Ahead, Karen spotted a heavyset girl, in her mid-twenties, auburn hair in ringlets, in a business suit, sitting down at a recently vacated table. She changed course.

“Hey, Megan!” she called.

The redhead turned, smiled, and waved her over. Karen stopped, turning to Carlson.

“That's a friend of mine from work. She's going through some tough stuff right now. Boyfriend trouble. I know she wants to talk to me about it. Thanks again, about the wallet.”

“Sure.”

Karen strode off toward the table where her colleague waited.

“Don't let Peter Jamison give you a tough time!” he called. “I hear he's a terrific criminal attorney, but a real prick.”

She didn't slow her pace. She thought,
He knows the name of my boss! He knew I was a paralegal. He knew my name before he ever picked up my wallet! If he really did just pick it up!
In that instant she knew he had lifted it out of her bag in order to hand it magnanimously back to her.

Now she was really pissed off.

He watched her sit down at the table with her friend Megan. They started to talk immediately. He wondered if the redhead—who was pretty attractive, too, breasts not as big as Karen's, but a dynamite ass, he'd noticed that before she sat down—would look in his direction. He hoped so. It would mean he was the very first thing that Karen had told her. But she didn't even glance up at him. Maybe Karen had cautioned her not to.

It didn't matter. He could find her outside here any lunchtime. He'd looked into her eyes and saw the spark of interest. More than that. Lust. They all tried to hide it; it was an instinctive reaction, they couldn't help it. He knew women looked at his eyes first, then down at his crotch to see how big the swell was. Never failed. Karen hadn't disappointed him.

He sat down on the ledge where Karen had been headed, took a sip of latte through the little hole. He unwrapped his sandwich and bit into it. At her table, Megan started to talk to Karen in earnest. Karen turned once and looked over her shoulder. Saw Jeff Carlson sitting on the ledge eating his sandwich, looking out across the concourse, taking no notice of her whatsoever.

Now she was sorry she hadn't just stood her ground and kicked him in the balls.

*   *   *

The hour between 4:00
P.M.
and 5:00
P.M.
at Bentleys was always quiet. Busboys were still clearing up two big tables. Only one booth at the big windows was occupied, by Karen Armstrong and her friends. McCall saw they were the usual suspects, including a young woman he hadn't seen before, a little hefty, auburn ringlets framing a pretty face. He carried the tray of drinks over to them. He noted that Karen was a little more animated than usual. Her voice had a kind of suppressed anger in it.

“… and when we left, I could feel his eyes burning holes in my back. Actually, they were burning holes right through my ass.”

“He looked like Ted Bundy,” the redhead said. “Real handsome, laid-back, you know, a super-nice guy, like one of those Mormon missionaries who knock on your door with a Bible in one hand and their dick in the other.”

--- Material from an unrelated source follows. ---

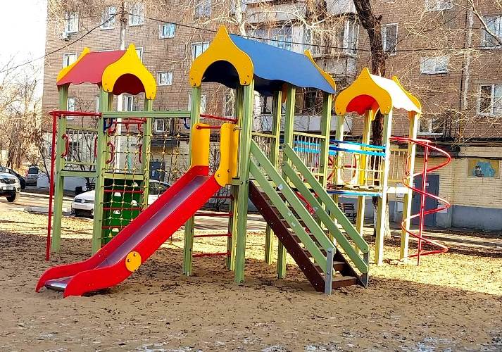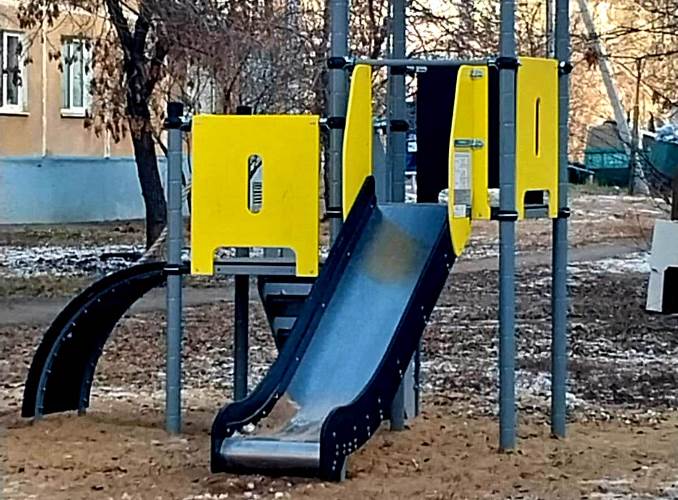Детская площадка у домов № 104 и №106 была дополнена объектами по запросу местных жителей. Около дома № 104 появились новенькие тренажеры, качели, горка, а возле дома № 106 - большой детский комплекс с песочницей, качелями-скамейкой и другие игровые снаряды.

“And then I remembered that I'd seen him before,” Karen said. “Not just in the sandwich shop. He'd been in the lobby of 221 Monday night. He'd been looking at the directory like he was trying to find someone. I thought, ‘That dude's pretty cute.' I can't believe I'm saying this, but that's what I thought. And then when I was walking home from the subway last night, I felt kind of weird. Like I was being followed. I turned around, but no one was there. I mean, I didn't see him, but I couldn't shake that feeling. I've got my doorman Harry, but he looks like he's been standing outside that apartment building since horses pulled milk carts down Broadway. I don't think he'd be much protection.”

“Here's the protection you need,” Megan said, and opened her purse. She rummaged through it and exposed a subcompact Glock 29.

Karen's eyes went wide. “Wow. Do you have a permit for that?”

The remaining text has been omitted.